Telling a story of class and taste, aspiration and identity, tapestry series The Vanity of Small Differences saw Turner Prize-winning artist Grayson Perry travel the length and breadth of the UK, 'on safari amongst the taste tribes of Britain'. In his BAFTA award winning three-part documentary series All in the Best Possible Taste (Channel 4), Perry explores the 'emotional investment we make in the things we choose to live with, wear, eat, read or drive.'
The Vanity of Small Differences is the beautiful publication, covered with real cloth, accompanying the Hayward Touring exhibition with the same name. The book features Perry's six vibrant and highly detailed tapestries bearing the influence both of early Renaissance painting and of William Hogarth's moralising series, literally weaving characters, incidents and objects from the artist's research into a modern day version of Hogarth's A Rake's Progress (1733).
With an inventive and elegant design from Pony Ltd, this fascinating publication includes an extensive array of full-colour reproductions of Perry's tapestries, complete with photos of the artist's sketches and preparatory material for the tapestries themselves.

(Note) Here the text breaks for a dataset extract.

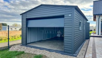 / Garaż blaszany 4x6m – brama segmentowa – drzwi – 2 x okno – antracyt – dach duwpadowy TS1192

Journalist Suzanne Moore (Guardian, Mail on Sunday) contributes to the book with an incisive, moving and highly personal reflection on questions of class, taste and their relative values. Also featuring a new text by Grayson Perry, alongside extensive commentary on each of the tapestries, while curator Adam Lowe's essay explores the process of their making and their place in the digital age, The Vanity of Small Differences is an essential guide to the work of one of Britain's best-loved artists.